The carrying amount of deferred tax assets is reviewed at each reporting end date and reduced to the extent that it is no longer probable that sufficient taxable profits will be available to allow all or part of the asset to be recovered. Deferred tax is calculated at the tax rates that are expected to apply in the period when the liability is settled or the asset is realised. Deferred tax is charged or credited in the profit and loss account, except when it relates to items charged or credited directly to equity, in which case the deferred tax is also dealt with in equity. Deferred tax assets and liabilities are offset if, and only if, there is a legally enforceable right to offset current tax assets and liabilities and the deferred tax assets and liabilities relate to taxes levied by the same tax authority.

1.13
Employee benefits

The costs of short-term employee benefits are recognised as a liability and an expense, unless those costs are required to be recognised as part of the cost of stock or fixed assets.

 

The cost of any unused holiday entitlement is recognised in the period in which the employee’s services are received.

 

Termination benefits are recognised immediately as an expense when the company is demonstrably committed to terminate the employment of an employee or to provide termination benefits.

1.14
Retirement benefits

Payments to defined contribution retirement benefit schemes are charged as an expense as they fall due.

1.15
Leases

Leases are classified as finance leases whenever the terms of the lease transfer substantially all the risks and rewards of ownership to the lessees. All other leases are classified as operating leases.

 

Assets held under finance leases are recognised as assets at the lower of the assets fair value at the date of inception and the present value of the minimum lease payments. The related liability is included in the balance sheet as a finance lease obligation. Lease payments are treated as consisting of capital and interest elements. The interest is charged to profit or loss so as to produce a constant periodic rate of interest on the remaining balance of the liability.

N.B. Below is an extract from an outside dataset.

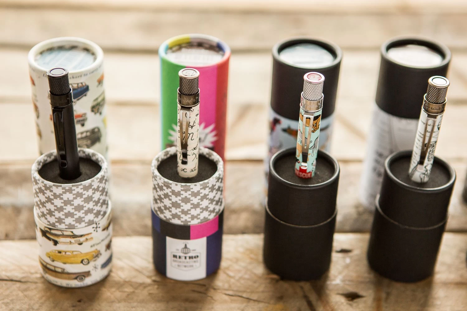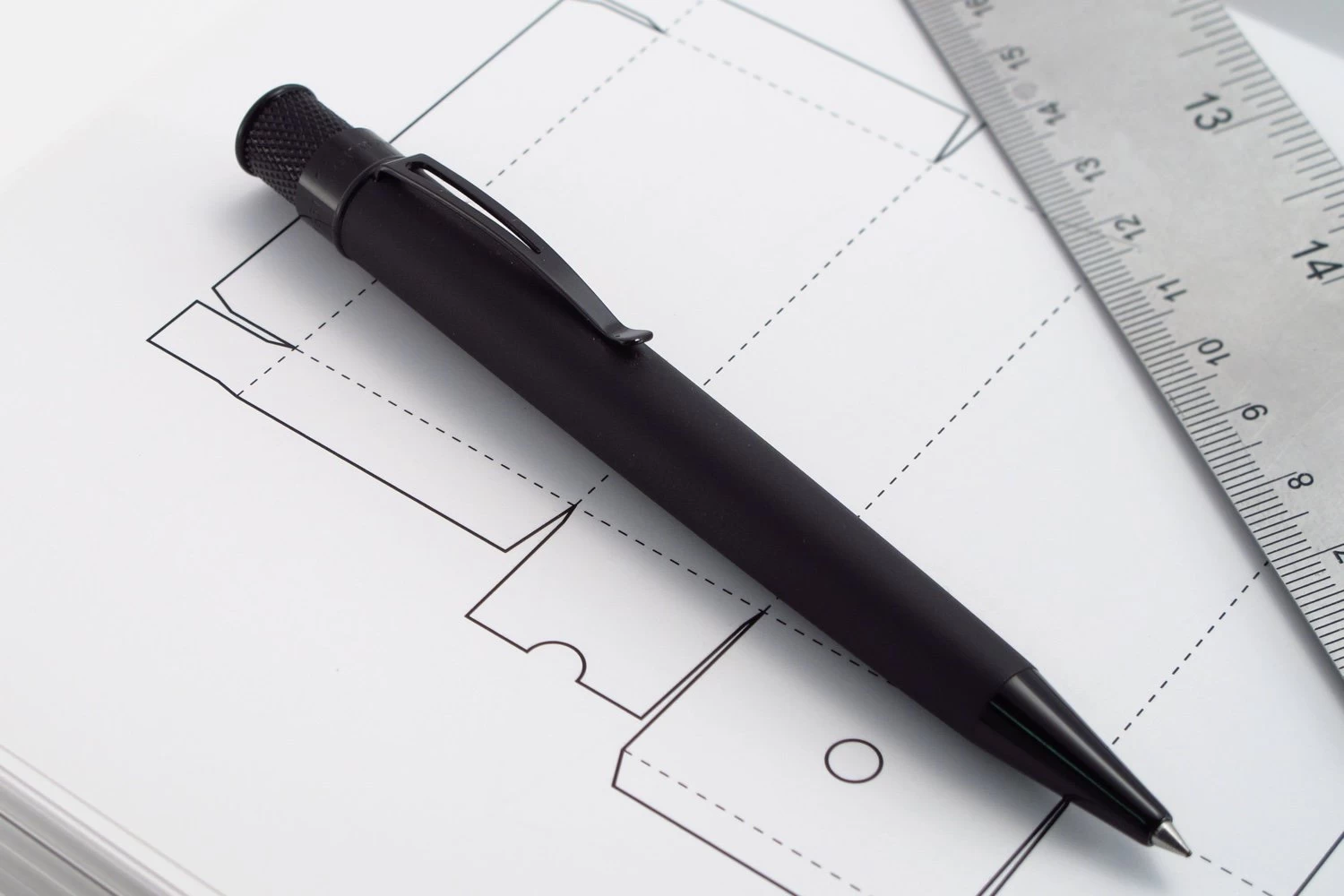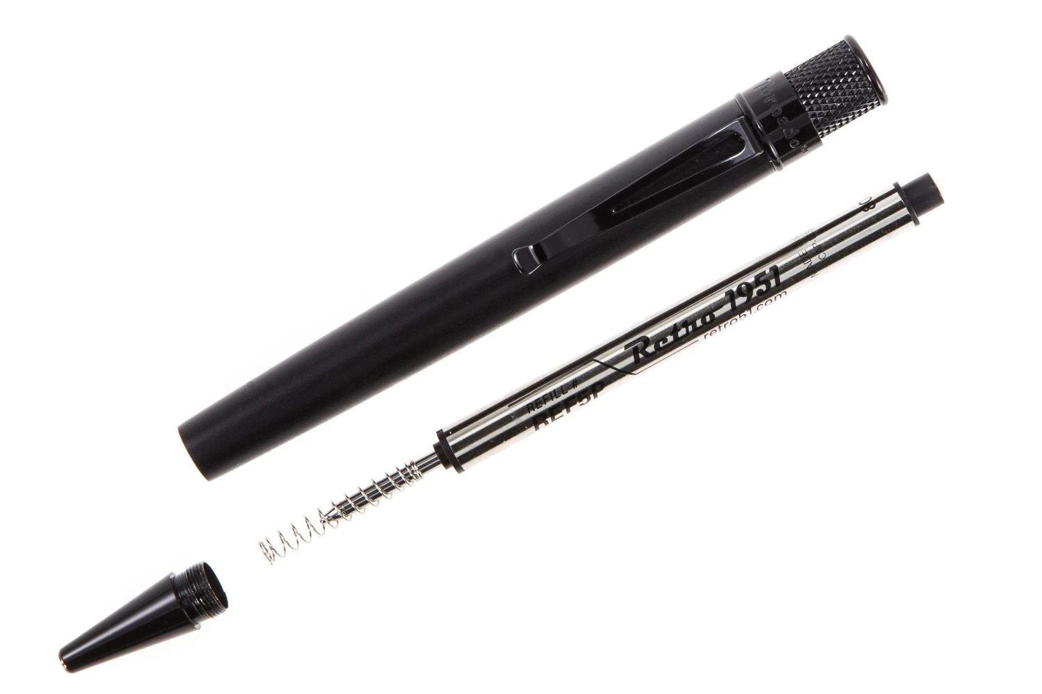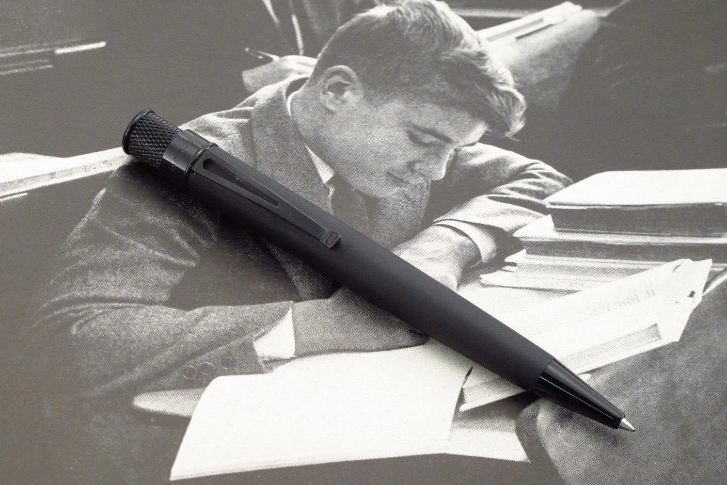 This stealthy Retro 51 Tornado rollerball pen features a matte black barrel with glossy black trim. Each twist-action pen comes loaded with a black rollerball refill that flows with a medium stroke.

Rentals payable under operating leases, including any lease incentives received, are charged to the profit and loss account on a straight line basis over the term of the relevant lease except where another more systematic basis is more representative of the time pattern in which economic benefits from the leased asset are consumed.

UNION TECHNICAL HOLDINGS LIMITED
NOTES TO THE GROUP FINANCIAL STATEMENTS (CONTINUED)
FOR THE YEAR ENDED 31 DECEMBER 2024
1
Accounting policies
(Continued)
- 21 -
1.16
Foreign exchange

Transactions in currencies other than pounds sterling are recorded at the rates of exchange prevailing at the dates of the transactions. At each reporting end date, monetary assets and liabilities that are denominated in foreign currencies are retranslated at the rates prevailing on the reporting end date. Gains and losses arising on translation in the period are included in the profit and loss account.

2
Judgements and key sources of estimation uncertainty

In the application of the group’s accounting policies, the directors are required to make judgements, estimates and assumptions about the carrying amount of assets and liabilities that are not readily apparent from other sources. The estimates and associated assumptions are based on historical experience and other factors that are considered to be relevant. Actual results may differ from these estimates.

 

The estimates and underlying assumptions are reviewed on an ongoing basis. Revisions to accounting estimates are recognised in the period in which the estimate is revised where the revision affects only that period, or in the period of the revision and future periods where the revision affects both current and future periods.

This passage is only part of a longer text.